Every once in a while, I have to have a Perrier or Diet Coke. Before I drink, I make sure my bag is empty and wear a heavy-duty support belt. I use Hollister bags with a filter. Carbonation balloons the bag, but the filter must work at higher air pressure. The bag size remains constant, as more gas is released by my stoma. Knowing this... I'm lazy sometimes and have laid in bed with a fully inflated bag (all gas, little poop).

chrony
Nov 25, 2024 1:39 am

I've learned the hard way that I should only burp my bag when standing; not lying down and not sitting.  I am single and unfortunately have no one to share my bed with.  Getting back to the subject I lay a gym-type white towel on the bed in case "anything" happens at night.  This may not only prevent needing to change the sheets at night, but also protects the mattress.

Kirsten
Nov 25, 2024 1:28 pm

2 years without a blowout? That's truly impressive! This very morning I had an... incident myself. Woke up and walked to the loo, was just about to pull down my pants when the whole (very full) dang bag popped off, straight down my left pant leg!
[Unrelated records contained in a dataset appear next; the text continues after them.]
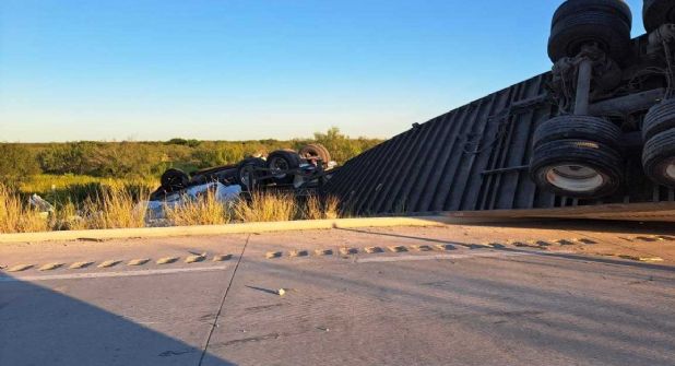 Un tráiler se volcó y quedó a un lado de la carretera Monterrey-Nuevo Laredo cerca de la antigua garita conocida como el Kilómetro 26 de la autopista que conecta Nuevo León con la ciudad fronteriza.
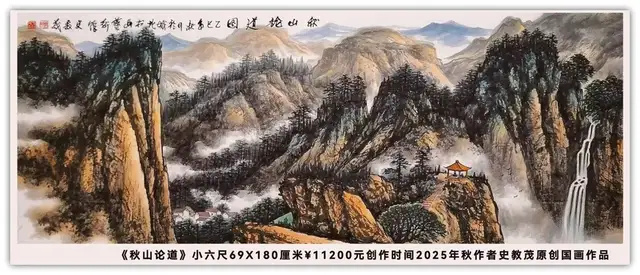 史教茂艺术简介: 史教茂,字越田,号太白山人,复兴堂主,陕西省兴平市人,1964年生。中国当代实力派著名画家,国家一级美术师。现任中国书画家协会理事,中华人民共和国文化和旅游部艺术交流名誉顾问,中央美术学院客座教授,全国名人书画艺术界联合会委员,中国传统文化诗书画协会理事,中国文化名人诗词书画研究院理事,香港书画研究院特聘研究员,香港文联美术家协会会员,中华文化研究院院士,享有“中华文化名人”称号”,陕西省美术家协会会员,陕西传统文化交流协会副会长,陕西省文化艺术产业化促进会会员,陕西省山水画研究会会员,北京复圣轩文化传媒公司签约书画家,兴平市城北书画艺术馆馆长。 史教茂艺术成就: 史教茂的作品曾多次被邀请参加国内外书画名人名家大展,海峡两岸书画名家书画大展,及省市区书画大展。全国网络书画大赛,中国第十一届艺术节书画大赛,多次参与由中华人民共和国日史编辑委员会诗书画院组织承办的国际国内书画大展。先后荣获金奖,一等奖十一枚,银奖突出贡献奖,五枚。荣获“中国当代书画名家”、“共和国书画艺术名家”、“中国当代书画艺术名家杰出成就奖”、“优秀人民艺术家”、“新时代优秀艺术家”、及航天英雄签名的纪念勋章各一枚。作品在人民大会堂、俄罗斯、中亚各国、日本、韩国、新加坡、澳门、香港等地巡回展出多次。为十八大、十九大、二十大的召开及国家重大会议活动的两会委员和航天工作人员,航天英雄,捐赠作品数幅。先后授权中国邮政、中集邮、国际集邮、美国、英国、法国、荷兰、加拿大、澳大利亚、等国在各国邮票上使用本人原创的作品图片印发邮票。参与出版国家重点书画集《新中国美术图鉴》,《中国美术传世经典》,《大国艺术传世名家》,《世界书画收藏档案》,《大红袍五大家》,《聚焦中国当代艺术家》,《中华艺术史》,《世界艺术巨匠大辞典》,《国礼典藏》,《国之魂宝艺术大典》,“庆祝故宫博物院建院一百周年”,《文化核心/综合书画集》,《中国书画名家精品大典》两期,《一带一路辉煌中国》,《中国红2019全国名家书画展》作品集,《中国脊梁陕西中国画作品集》,《陕西文化旅游名镇美术作品集》,《陕西省职工文化艺术节书法美术摄影作品集》,《陕西首届旅游书画摄影大赛作品集》,《中国文化进万家2018年精品台历》,《大城之心书画大赛作品集》,《庆祝中国共产党成立一百周年书画作品集》两期,《水墨传承九三学社全国书画名家邀请展作品集》两期,《海峡两岸名家书画作品邀请展作品集》四期,先后两次被兴平市市委宣传部,兴平市文联受授予“德艺双馨”文艺工作者,2017年被中国文化进万家工作委员会认定为“最具收藏价值书画名家”,作品升值潜力巨大。 2022年自筹资金一百余万元,成立兴平市城北书画艺术馆,该馆目前是西北地区个人投资规模最大的书画艺术馆。占地面积六百多平方米, 布展面积一千多平方米,展出作品八百余幅。为广大的书画艺术爱好和收藏者提供了一个交易、交流、学习的平台,推动了地方文化艺术事业的健康发展,活跃了人民群众的文化生活,为传承中华文化艺术做出了巨大贡献。 2025年获“达芬奇国际艺术金奖”;“中国艺术风云人物——新时代艺术标杆•二零二五年中国艺术最高功勋成就奖”;在故宫博物院建院一百周年之际,荣获“2025年新锐文化核心人物”殊荣。中央美术学院院长、著名画家、教育家,靳尚谊先生撰写获奖词。这是对他在传承和创新中国国画艺术中取得的成绩的肯定和认可。2025年中国书画艺术指导委员会颁发“最具收藏价值艺术奖”;2025第八届全国艺术典范“人民的瑰宝”艺术奖;cctv华夏之声(国家记忆)艺坛数风流人物卓越贡献奖章;在2025年伦敦艺术双年展全球推荐艺术家活动中荣获推荐艺术家一等奖;2025年春节前夕,北京地铁9条线路同时展播了史教茂先生的巨幅山水作品,为北京市民和国内外友人一饱眼福,弘扬了中华文化艺术的博大精深,受到了良好的反响。 艺术风格与传承: 史教茂先生笔下的作品雄伟壮丽,气势万千,自成一格,为世人所赞誉。欣赏他笔下的飞瀑图,你可以感受到一种磅礴之气从画面中悠然而起,若风旋水泻、毫飞墨喷;似闪电雷鸣、惊涛扑岸;又如狂飙戾天、浓云惨淡...,这正是傅抱石的画风,于磅礴大气中见精微,于蓬勃生机中显率真。 史教茂先生画山水,尤善于发挥用笔效能,以笔尖、笔肚、笔根等的不同运用来表现自然山川的不同变化。云水为陆俨少绝诣,有雄秀跌宕之概。勾云勾水,烟波浩淼,云蒸雾霭,变化无穷。 史教茂先生一生致力于山水画,作品长于飞瀑流泉、风帆、霜林;笔墨氤氲,水意蒸融,苍劲有力,气势雄壮。他以全景作构图,从上到下,山峦层叠,林木扶疏,尽收眼底,表现出了深远的空间感和气韵感。 拜观史教茂先生的作品,给人一种酣畅淋漓之感。意空灵,图壮阔,听松涛阵阵,观雾霭茫茫,感受云卷云舒。亦有“鸢飞戾天者,望峰息心,经纶世务者,窥谷忘反”之超脱,又如山中高士,俯仰间,阅尽世间万物轮回,给人酣畅淋漓之感。 史教茂先生的山水画作,一草一木、一山一石皆若风骨外化、灵性活现,又似云蒸霞蔚,气象升腾。蓦然感受到:生命在律动,自然在游走,真与善、灵与魂,在参差渗透,竞相净化,身心如沐春风,心田如饮甘霖 史教茂先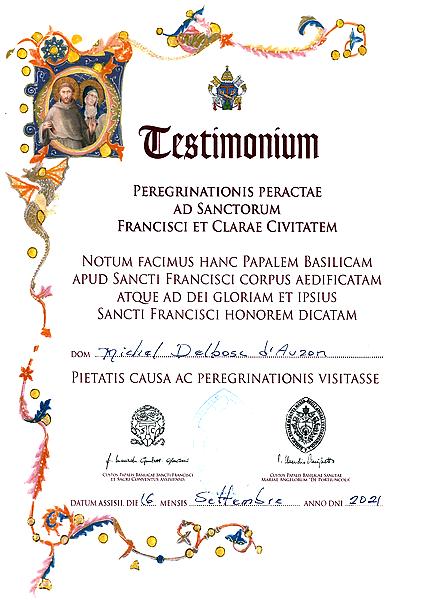 Ainsi devant le tombeau de François d'Assise je t'ai confié au Poverello pour qu'il te revête d'un manteau de Lumière et t'accompagne dans ton élévation vers les sphères célestes...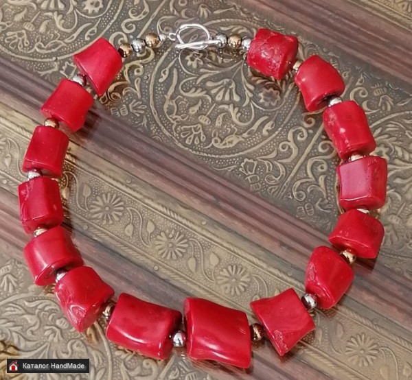 Материалы: коралл, коралл bamboo, красный коралл, посеребрённая фурнитура, качественные материалы, качественная фурнитура Размер: Длина украшения 53 см. Самый крупный камень объёмный и размером 3 *3 см.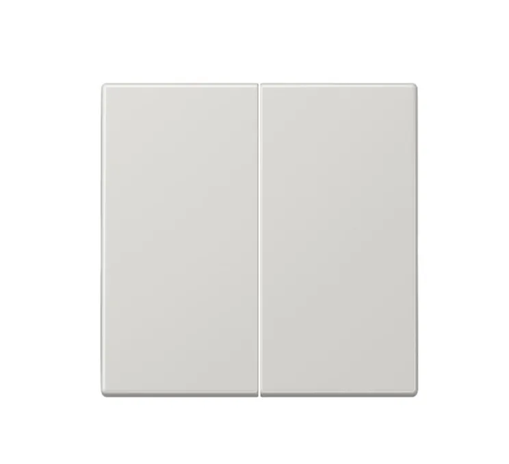 La marque Jung présente la collection LS 990 avec un enjoliveur simple en gris clair pour interrupteur x2, mesurant L7cm sur H7cm.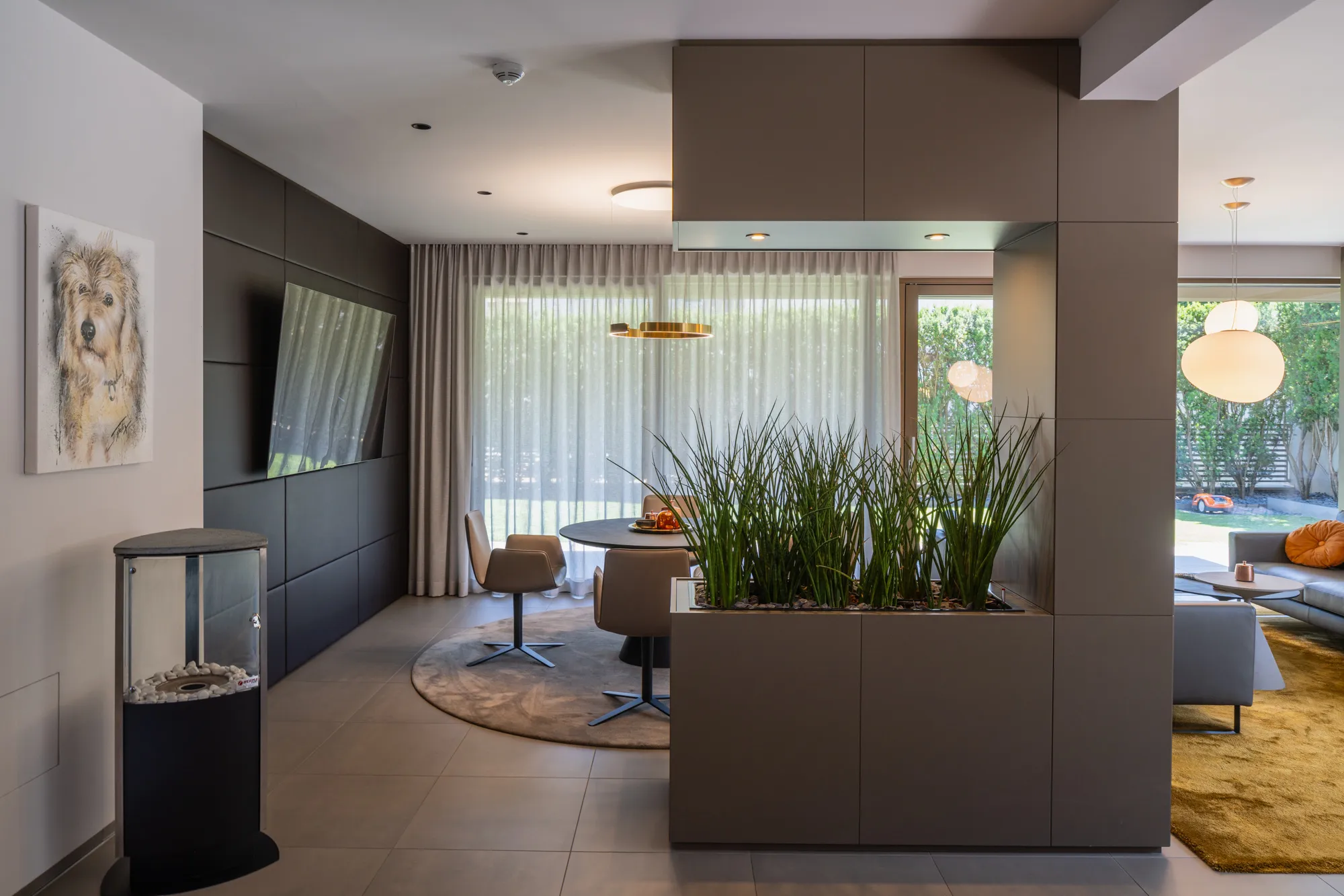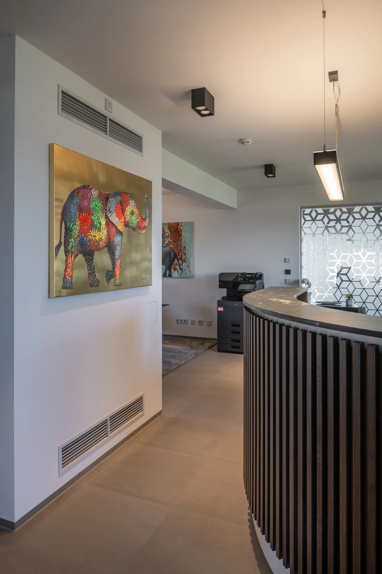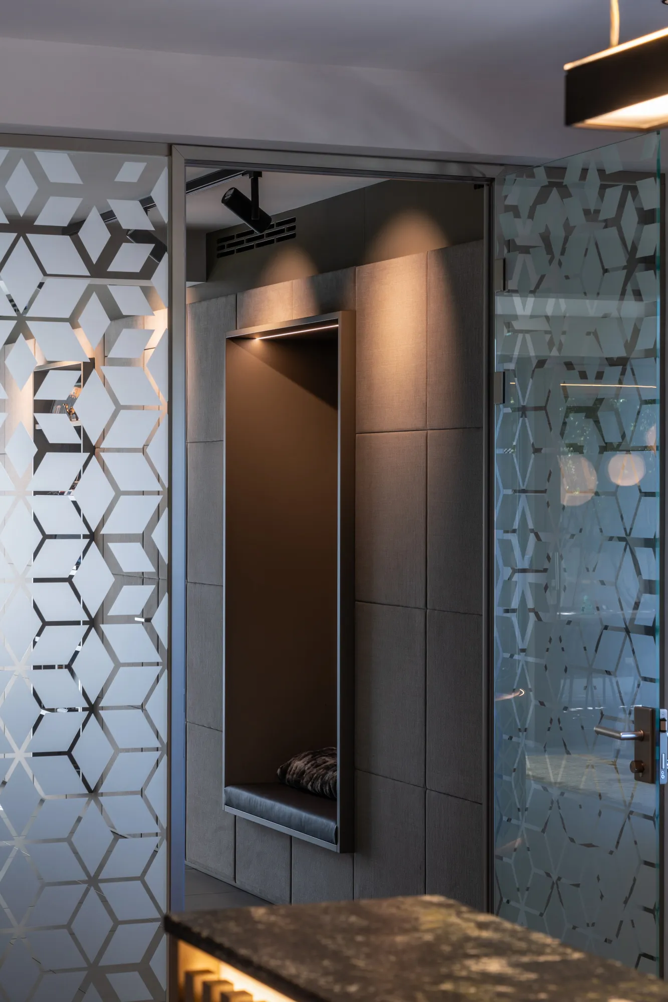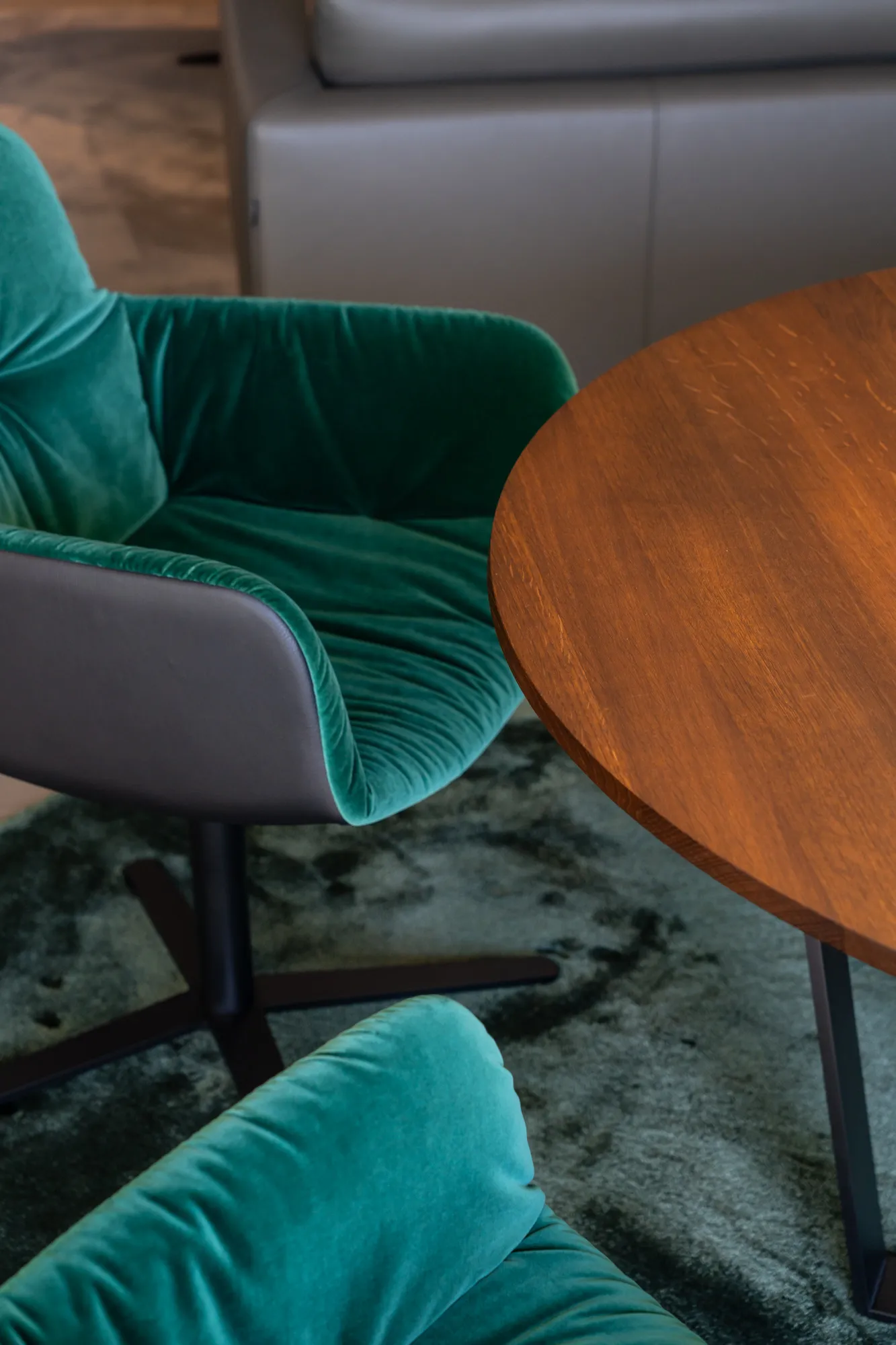 Dieses Büro zeigt, wie Handwerkskunst und Design zu einem stimmigen Ganzen verschmelzen. Dunkel gebeizte Eiche bildet die Basis, während Messing für edle Akzente sorgt. Die sorgfältig gestalteten Details verleihen den Räumen Charakter – ein Ort, der Eleganz, Konzentration und Wohlgefühl verbindet.

Took me a moment to even process, let alone figure out what to do about it. 

Oh, the adventure. 

rlevineia
Nov 25, 2024 6:37 pm

I always check my bag when I am awake in bed. Hollister bags used to leak about twice a year. Once I went back to sleep and, déjà vu - squirt! Switched to Convatec and no more leaks. Their wafer is stickier and stronger. Bags are harder to belch. Avoid drinking before bedtime. Gas and liquid fill it fast. I now eat three marshmallows 45 minutes to an hour before changing. Little to no output.